What concerns me are these stats:

Over 2,500 extraordinary sounds.
90% of the library is made up of treated content.

The thing that primarily interests me are the samples and not the mangling of them.
Sure that's a bonus but I can do that myself.
It doesn't look as if you have fine control of the raw samples.
I'd like to be able to set my own start and end points, loop mode and even have a reverse mode.
Basic stuff.
Then optionally I can use the engine.
At least it does seemingly have a decent browser and you can just see the Natural sounds according to the review below. I've just read it and it has made it sound more appealing to me. If it just had basic loop management....



http://www.bestdjgearreviews.com/reviews/review-spitfire-audio-orbis/


----------



## fiction (Dec 26, 2020)

What are people's thoughts on Ambient Guitars? Trying to figure out if it would be a nice addition to my guitar (for layering and different sounds from what I get when playing).


----------



## YK47 (Dec 26, 2020)

Technostica said:


> What concerns me are these stats:
> 
> Over 2,500 extraordinary sounds.
> 90% of the library is made up of treated content.
> ...



That is exactly the issue with something like Orbis. You are at Omnisphere territory both price wise and use wise, but Omni is also a really capable synth.


----------



## Sean (Dec 26, 2020)

YK47 said:


> That is exactly the issue with something like Orbis. You are at Omnisphere territory both price wise and use wise, but Omni is also a really capable synth.


Yea I'd maybe just buy omni if it were on sale right now


----------



## Marsen (Dec 26, 2020)

Sean said:


> Yea I'd maybe just buy omni if it were on sale right now


But it never is.


----------



## Marsen (Dec 26, 2020)

Sean said:


> Currently trying to decide if I should buy Paul's hamper for Orbis... I think some sounds from it could be useful and I really like soundtracks that use foreign/ethnic/uncommon instruments like in the Witcher 3 or Uncharted. $300 is a lot for something I think I won't use all that often though. Any thoughts on Orbis?


For me, these organic sounds are to heavy processed in a not very usable direction.
It´s like these "all prepared plug´ins", where you move 2 to 6 faders/knobs to make a sound, which is so limited and recognizable, everyone can do.
Take some different libraries may it loops, multis, one shot, self recorded, throw/mangle them with/threw your own fx.
Why using limited sounds? Why limiting yourself and your imagination?


----------



## Sean (Dec 26, 2020)

Marsen said:


> For me, these organic sounds are to heavy processed in a not very usable direction.
> It´s like these "all prepared plug´ins", where you move 2 to 6 faders/knobs to make a sound, which is so limited and recognizable, everyone can do.
> Take some different libraries may it loops, multis, one shot, self recorded, throw/mangle them with/threw your own fx.
> Why using limited sounds? Why limiting yourself and your imagination?

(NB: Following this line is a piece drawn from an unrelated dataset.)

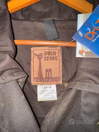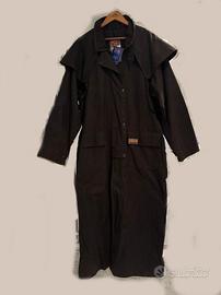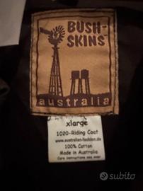 Impermeabile giacca australiana Bush-skins, nuovo mai indossato, lungo, cappotto da equitazione cerato dalla struttura robusta con mantellina cucita sulle spalle, spacco posteriore, unisex, materiale: tela cerata pesante Dri-tec, colore marrone scuro, 100% cotone impermeabile., taglia X large.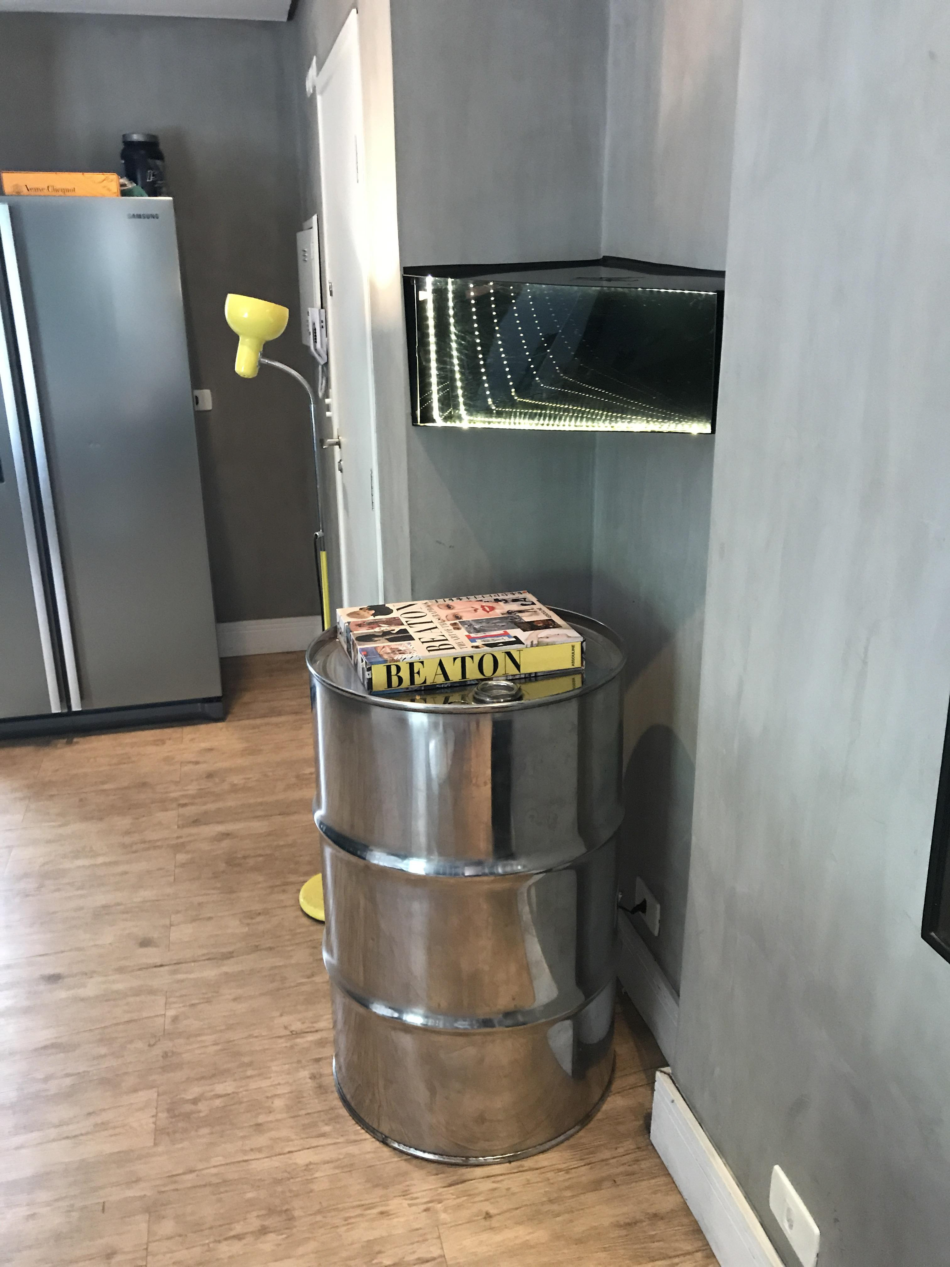 This was made especially for this wall corner of my client's house. After measuring the sides, I picked a warmer light and a darker shade for the mirror, to match his existing decor.

I don't really have the skill or patience to create my own sounds. I'm just a hobbyist and don't really want to devote that much of my time to learning that kind of stuff, so that's why I'm interested in Orbis. I want a synthesizer that has some good presets that are, like I said, ethnic/foreign sounding. Doesn't really matter to me if I'm using recognizable sounds that other people use, since most people are never going to hear my music anyways.


----------



## easyrider (Dec 26, 2020)

Sean said:


> I don't really have the skill or patience to create my own sounds. I'm just a hobbyist and don't really want to devote that much of my time to learning that kind of stuff, so that's why I'm interested in Orbis. I want a synthesizer that has some good presets that are, like I said, ethnic/foreign sounding. Doesn't really matter to me if I'm using recognizable sounds that other people use, since most people are never going to hear my music anyways.

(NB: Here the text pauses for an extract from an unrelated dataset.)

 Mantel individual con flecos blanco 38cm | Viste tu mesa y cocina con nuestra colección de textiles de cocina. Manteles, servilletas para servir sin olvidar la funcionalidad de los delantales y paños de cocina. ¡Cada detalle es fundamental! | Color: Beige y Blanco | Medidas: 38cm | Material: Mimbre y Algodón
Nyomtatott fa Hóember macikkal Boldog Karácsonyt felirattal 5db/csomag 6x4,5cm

Plus you can mangle the mangled...


----------



## Sean (Dec 26, 2020)

easyrider said:


> Plus you can mangle the mangled...


I mangle everything I touch don't worry!


----------



## Marsen (Dec 26, 2020)

Sean said:


> I don't really have the skill or patience to create my own sounds. I'm just a hobbyist and don't really want to devote that much of my time to learning that kind of stuff, so that's why I'm interested in Orbis. I want a synthesizer that has some good presets that are, like I said, ethnic/foreign sounding. Doesn't really matter to me if I'm using recognizable sounds that other people use, since most people are never going to hear my music anyways.


If it´s fine for you, this is great and you should absolutly go for it.


----------



## shponglefan (Dec 26, 2020)

YK47 said:


> That is exactly the issue with something like Orbis. You are at Omnisphere territory both price wise and use wise, but Omni is also a really capable synth.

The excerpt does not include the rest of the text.